Breast feeding: Limited pharmacokinetic data demonstrate very low concentrations in breast milk. Although these concentrations seem to be clinically irrelevant, the use of Capotril in breastfeeding is not recommended for preterm infants and for the first few weeks after delivery, because of the hypothetical risk of cardiovascular and renal effects and because there is not enough clinical experience. In the case of an older infant, the use of Capotril in a breast-feeding mother may be considered if this treatment is necessary for the mother and the child is observed for any adverse effect.
Excessive hypotension may occur when Capotril is used concurrently with diuretics, other antihypertensives, ot other agnets, including alcohol, that lower blood pressure. An additive hyperkalaemic effect is possible in patients receiving Capotril with potassium-sparing diuretics, potassium supplements (including potassium-containing salt substitutes), or other drugs that can cause hyperkalaemia (such as ciclosporin or indometacin) and serum-potassium concentrations should be monitored. Potassium-sparing diuretics and potassium supplements should generally be stopped before initiating Capotril in patients with heart failure. However, Capotril therapy does not obviate the possible need for potassium supplementation in patients receiving potassium-wasting diuretics and potassium concentrations should also be monitored in these patients.

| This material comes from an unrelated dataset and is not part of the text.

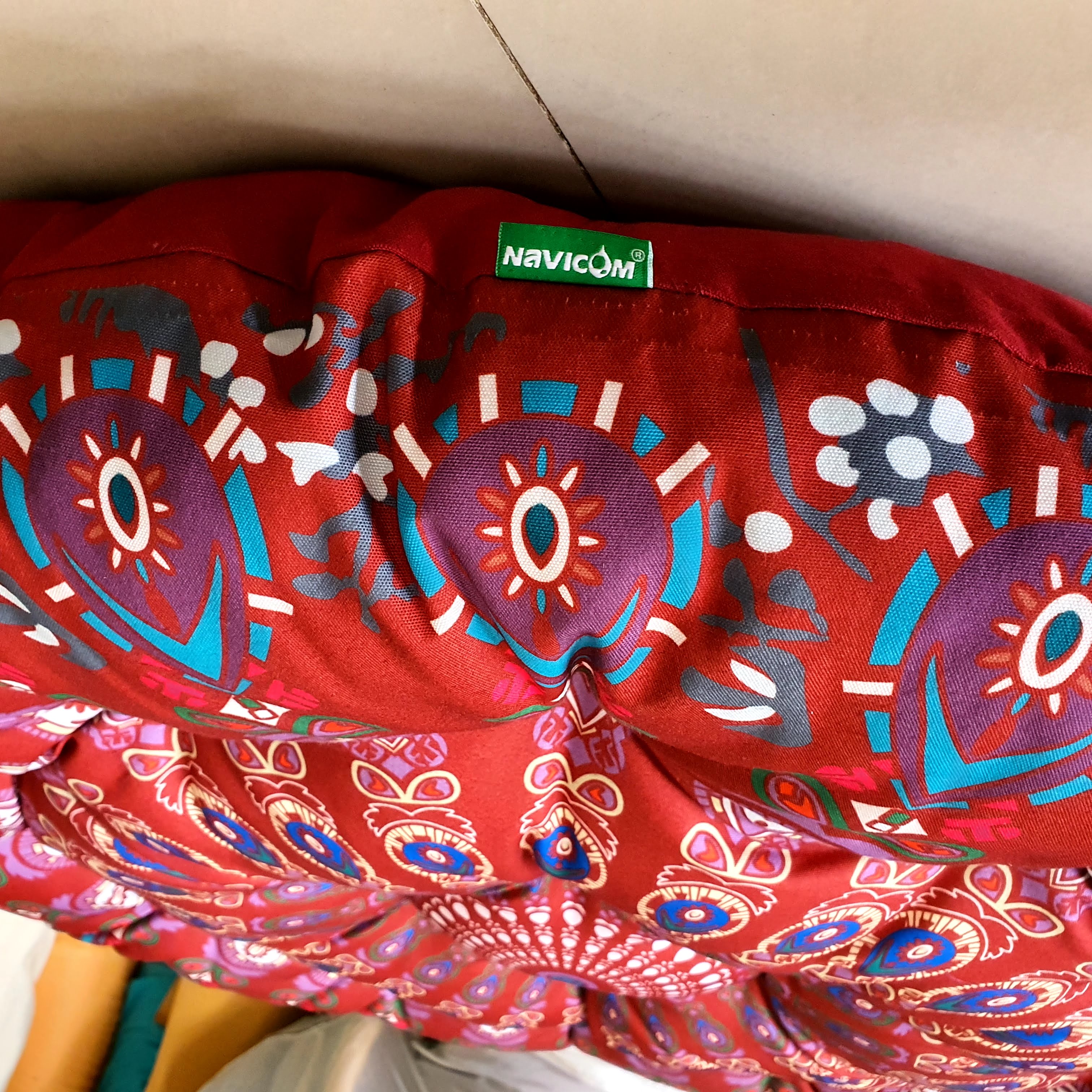 Nệm papasan phiên bản độc quyền NAVICOM Chất liệu : vải bố canvas được in hoa văn đặc sắc và ấn tượng Kích thước nệm : 1,25m dành cho ghế papasan đường kính 1m Đặc biệt :

The adverse effects of Capotril on the kidneys may be potentiated by other drugs, such as NSAIDs, that can affect renal function.
White or almost white scored, flat tablets with specific odor.
2 blisters (1 blister packet with 12 tablets in each) and leaflet inserted in the cardboard box
3 years. Do not use after the expiration date.
Store at a room temperature (15-250C), in a dry place, out of the reach of children. Protect from light.